| Required action |
From the entries below, write out exactly the lines between the line holding "participation in energy" and the line holding "Scanners, Printers, and ASCII Devices", inclusive, excluding any pictures.

(Records excerpted from a collection)
---*---
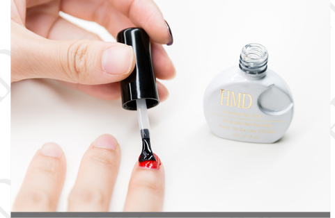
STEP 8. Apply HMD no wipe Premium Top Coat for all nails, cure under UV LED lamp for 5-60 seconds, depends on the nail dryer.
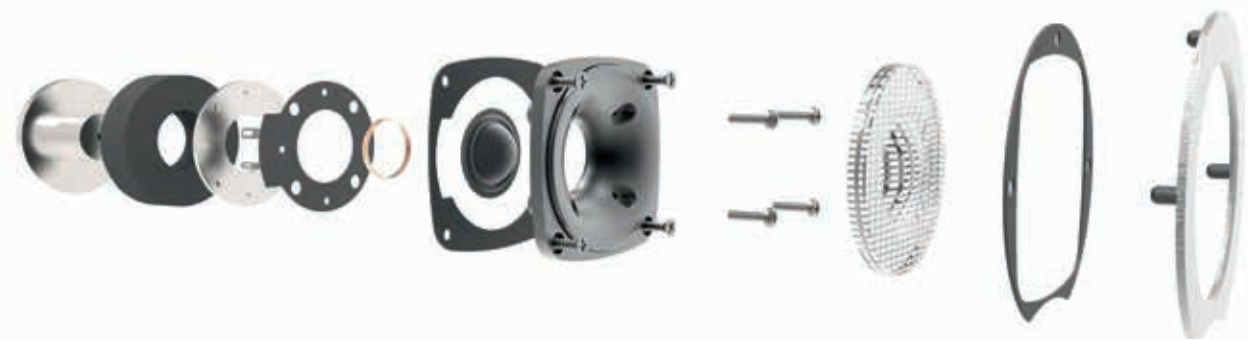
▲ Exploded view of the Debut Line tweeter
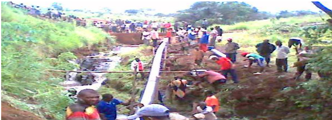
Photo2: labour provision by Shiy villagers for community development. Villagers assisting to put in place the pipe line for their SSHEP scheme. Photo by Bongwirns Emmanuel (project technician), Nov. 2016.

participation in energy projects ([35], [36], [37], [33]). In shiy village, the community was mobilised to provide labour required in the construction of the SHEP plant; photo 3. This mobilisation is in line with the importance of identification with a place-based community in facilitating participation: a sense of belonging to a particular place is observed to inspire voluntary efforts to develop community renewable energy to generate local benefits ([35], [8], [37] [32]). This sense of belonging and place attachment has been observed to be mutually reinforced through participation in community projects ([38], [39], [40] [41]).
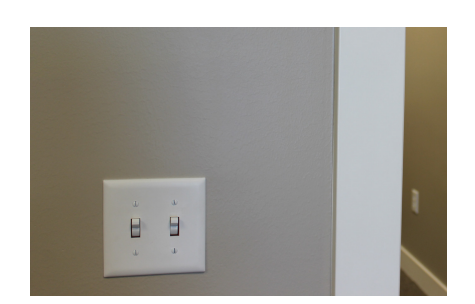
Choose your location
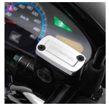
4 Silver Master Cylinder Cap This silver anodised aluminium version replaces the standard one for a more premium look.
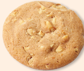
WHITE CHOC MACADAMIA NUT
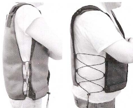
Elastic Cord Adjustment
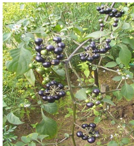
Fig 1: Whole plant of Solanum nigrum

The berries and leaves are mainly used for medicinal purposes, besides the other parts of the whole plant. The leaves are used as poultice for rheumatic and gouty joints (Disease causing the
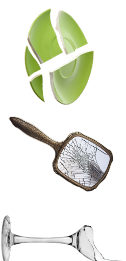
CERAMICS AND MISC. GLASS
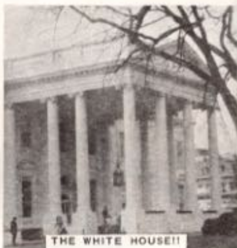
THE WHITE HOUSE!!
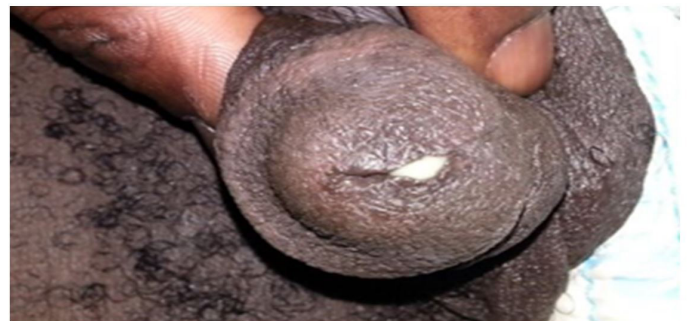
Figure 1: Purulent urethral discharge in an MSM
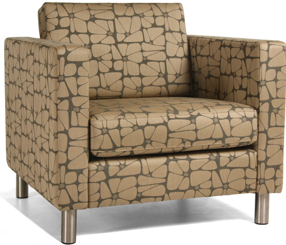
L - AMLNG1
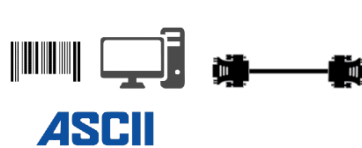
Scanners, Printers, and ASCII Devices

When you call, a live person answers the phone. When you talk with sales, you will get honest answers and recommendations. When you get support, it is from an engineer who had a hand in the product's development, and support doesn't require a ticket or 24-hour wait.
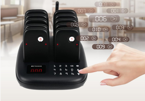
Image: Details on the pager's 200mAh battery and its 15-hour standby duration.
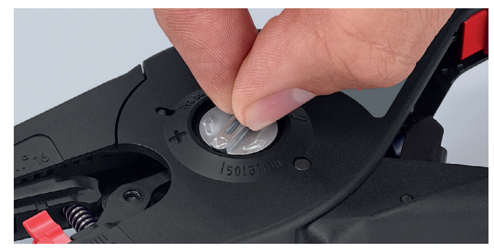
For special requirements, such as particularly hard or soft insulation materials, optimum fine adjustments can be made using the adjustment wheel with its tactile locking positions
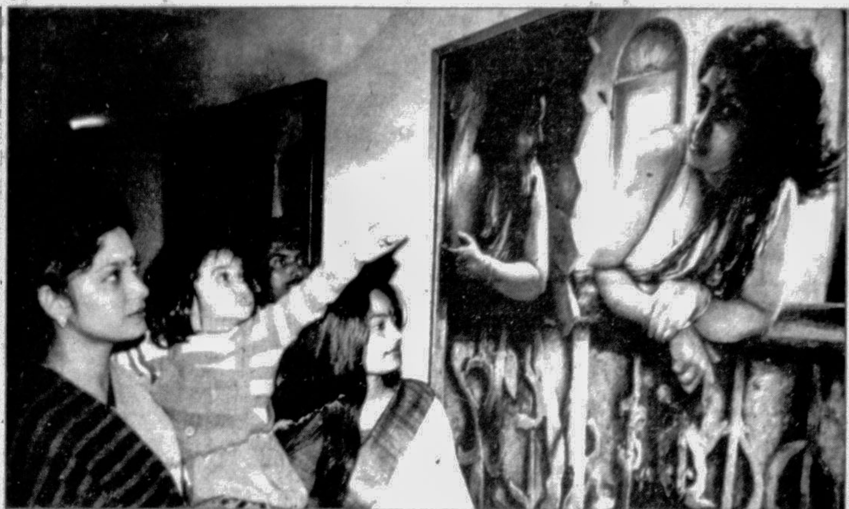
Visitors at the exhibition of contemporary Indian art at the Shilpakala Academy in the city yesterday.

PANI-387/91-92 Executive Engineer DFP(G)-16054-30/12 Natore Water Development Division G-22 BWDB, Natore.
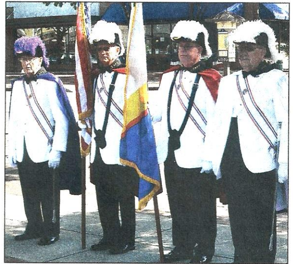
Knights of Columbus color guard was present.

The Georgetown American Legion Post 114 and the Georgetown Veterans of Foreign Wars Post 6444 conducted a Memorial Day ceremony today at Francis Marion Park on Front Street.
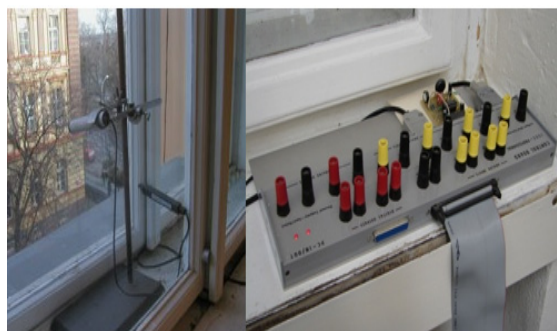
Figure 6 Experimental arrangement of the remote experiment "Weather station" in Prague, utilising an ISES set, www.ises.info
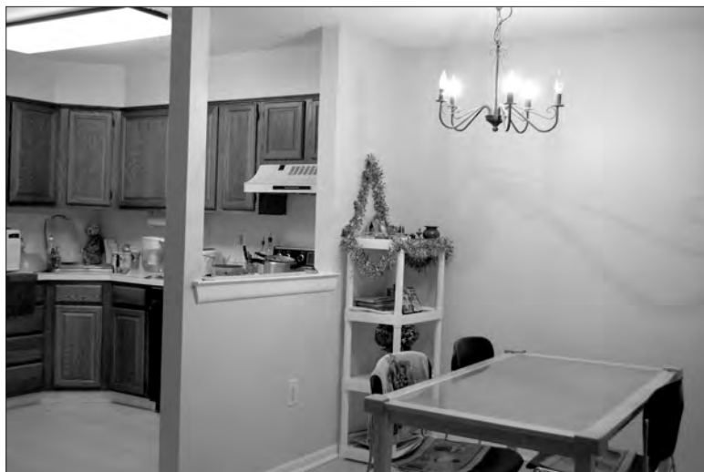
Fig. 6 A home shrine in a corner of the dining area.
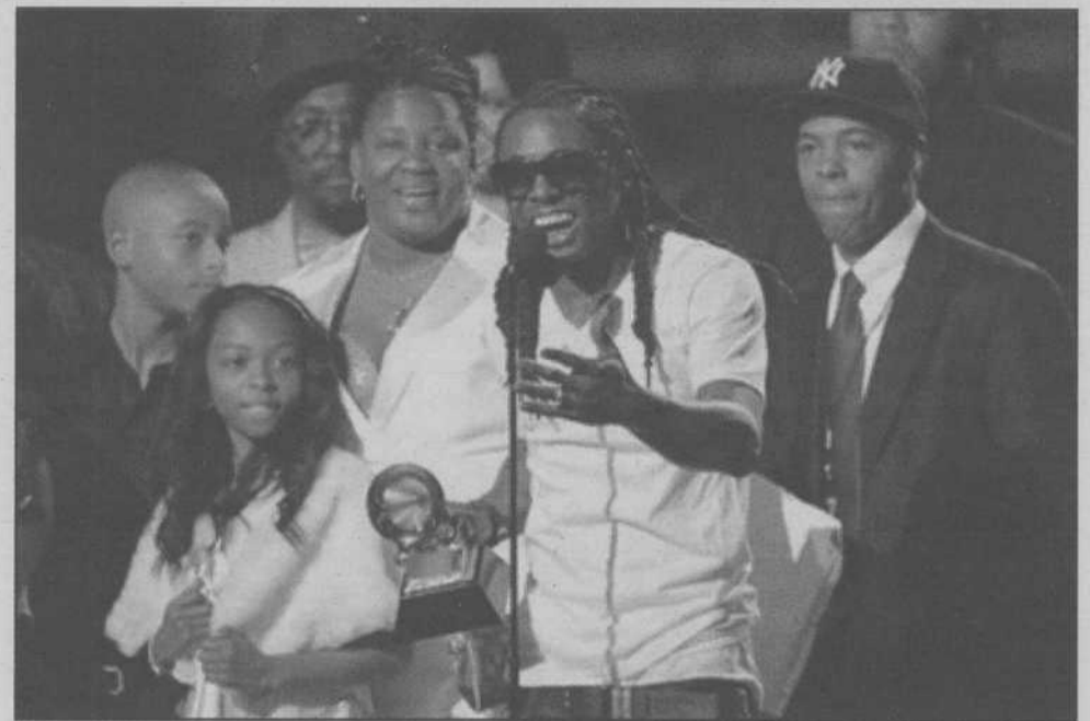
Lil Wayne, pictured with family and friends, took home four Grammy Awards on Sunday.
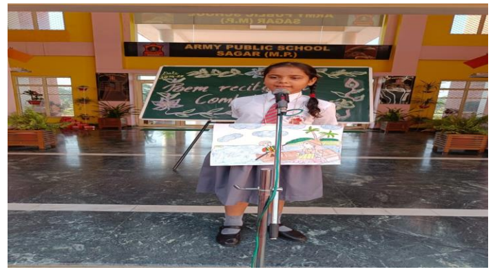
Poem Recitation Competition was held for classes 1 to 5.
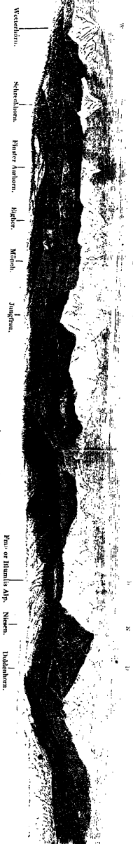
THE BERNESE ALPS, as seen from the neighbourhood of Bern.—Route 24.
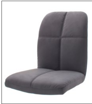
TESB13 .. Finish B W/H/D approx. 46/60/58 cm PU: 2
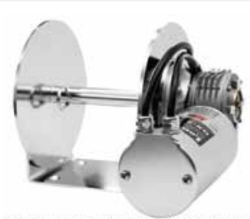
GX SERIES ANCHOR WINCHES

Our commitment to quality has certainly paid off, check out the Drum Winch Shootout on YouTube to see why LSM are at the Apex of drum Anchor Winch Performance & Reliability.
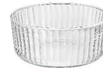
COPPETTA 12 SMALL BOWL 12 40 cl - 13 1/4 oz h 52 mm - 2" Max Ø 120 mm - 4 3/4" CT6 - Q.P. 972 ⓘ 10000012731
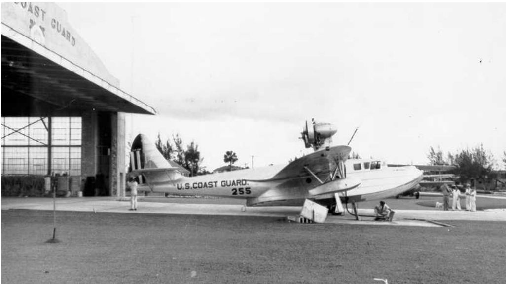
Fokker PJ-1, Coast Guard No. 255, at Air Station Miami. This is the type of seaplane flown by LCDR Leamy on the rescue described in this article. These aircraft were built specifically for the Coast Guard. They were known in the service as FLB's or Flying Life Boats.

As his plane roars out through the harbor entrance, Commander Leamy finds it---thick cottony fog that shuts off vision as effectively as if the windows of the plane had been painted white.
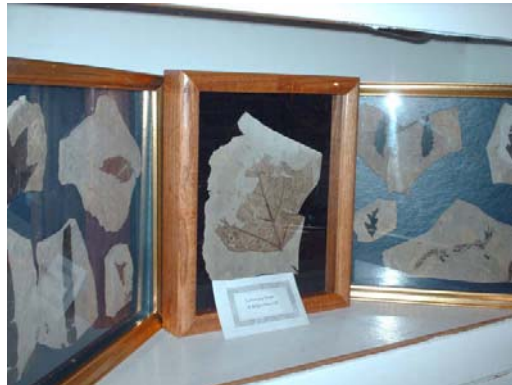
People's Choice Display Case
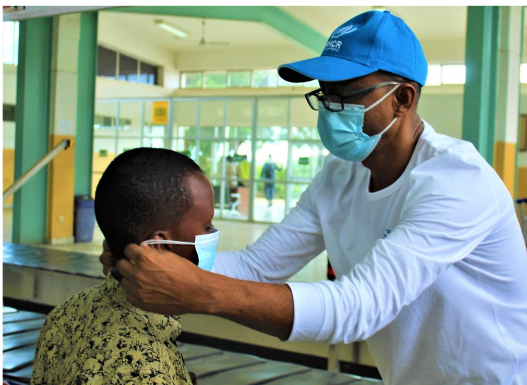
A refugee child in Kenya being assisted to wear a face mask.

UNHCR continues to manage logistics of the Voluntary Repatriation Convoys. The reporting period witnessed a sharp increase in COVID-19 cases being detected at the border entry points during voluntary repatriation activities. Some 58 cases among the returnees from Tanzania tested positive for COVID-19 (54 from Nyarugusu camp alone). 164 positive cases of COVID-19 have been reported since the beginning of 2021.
---*---
| Response to the task |
participation in energy projects ([35], [36], [37], [33]). In shiy village, the community was mobilised to provide labour required in the construction of the SHEP plant; photo 3. This mobilisation is in line with the importance of identification with a place-based community in facilitating participation: a sense of belonging to a particular place is observed to inspire voluntary efforts to develop community renewable energy to generate local benefits ([35], [8], [37] [32]). This sense of belonging and place attachment has been observed to be mutually reinforced through participation in community projects ([38], [39], [40] [41]).
Choose your location
4 Silver Master Cylinder Cap This silver anodised aluminium version replaces the standard one for a more premium look.
WHITE CHOC MACADAMIA NUT
Elastic Cord Adjustment
Fig 1: Whole plant of Solanum nigrum

The berries and leaves are mainly used for medicinal purposes, besides the other parts of the whole plant. The leaves are used as poultice for rheumatic and gouty joints (Disease causing the
CERAMICS AND MISC. GLASS
THE WHITE HOUSE!!
Figure 1: Purulent urethral discharge in an MSM
L - AMLNG1
Scanners, Printers, and ASCII Devices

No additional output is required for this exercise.